After four decades, authorities have announced murder charges against a man who allegedly killed a teenage girl in 1982 and abandoned her body at a cemetery.

Arthur Kinlaw, 68, faces one count of first-degree murder in Warren County, New Jersey.

He was already locked up in a New York State prison for two counts of second-degree murder in a 2000 conviction and has been eligible since 2018 for parole from a life sentence, online records show. But prosecutors say he has confessed to killing the well-known but unidentified victim of a 1982 murder. Authorities identified Dawn Olanick, 17, as the girl long known as Princess Doe.

Police in Blairstown Township, New Jersey, responded on July 15, 1982 — exactly 40 years ago — after a worker at the Cedar Ridge Cemetery found Olanick dead at the north end of the premises in a heavily wooded area near a steep embankment leading down to a stream, prosecutors said.

“The body was determined to be that of a white female who was wearing a red and white print skirt and a red pull over short sleeve shirt,” prosecutors said. “No undergarments were on the victim or found in the vicinity. In addition, the victim was found with no socks, shoes or stockings.”

She died from blunt force trauma to the face and head with multiple fractures, prosecutors said. Initial attempts to identify her through available records, including from the FBI’s database, failed.

The first lead investigator Lt. Eric Krantz named her Princess Doe.

“I got tired of writing the name ‘Jane Doe,'” he said in a profile from the time. “There’s a million Jane Does. There’re all in the cemetery, and they all have unmarked graves. I just wanted to give her some personality. Some identity. That’s why I named her Princess Doe.”

Blairstown locals adopted her as one of their own, paying for her burial and headstone. She was laid to rest yards from where the worker found her dead.

Kinlaw, however, confessed in 2005 while a prison inmate, prosecutors said.
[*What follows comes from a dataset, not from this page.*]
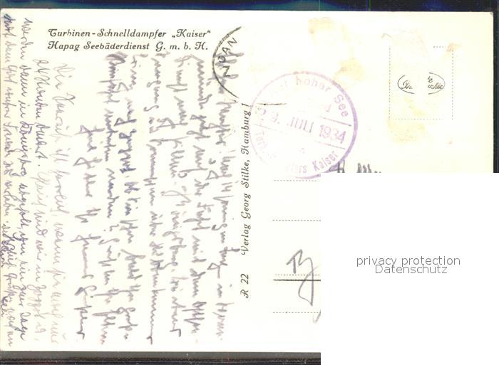 alte Postkarte Dampfer Oceanliner Kaiser Hapag-Seebaederdienst postalisch gelaufen Erhaltung siehe scans

The sticking point was that investigators still could not identify “Princess,” so they could not corroborate his statement.

“On May 5, 2005, a written letter was received from Arthur Kinlaw, an inmate at the Sullivan Correctional Facility, Riverside Drive, Fallsburg, New York,” Warren County prosecutors said. “Arthur Kinlaw indicated that he wished to be interviewed and confess to the murder of the unidentified female that was found in Blairstown Township, Warren County, New Jersey in 1982. A formal statement was taken by Lieutenant Spiers of the Warren County Prosecutor’s Office and Detective Howard Brown of the NJSP Troop ‘B’ Criminal Investigations Office. Mr. Kinlaw had previously written an affidavit of facts pertaining to the murder which he provided. Mr. Kinlaw stated that he was physically responsible for the death of the unidentified female found in the cemetery in Blairstown, New Jersey.”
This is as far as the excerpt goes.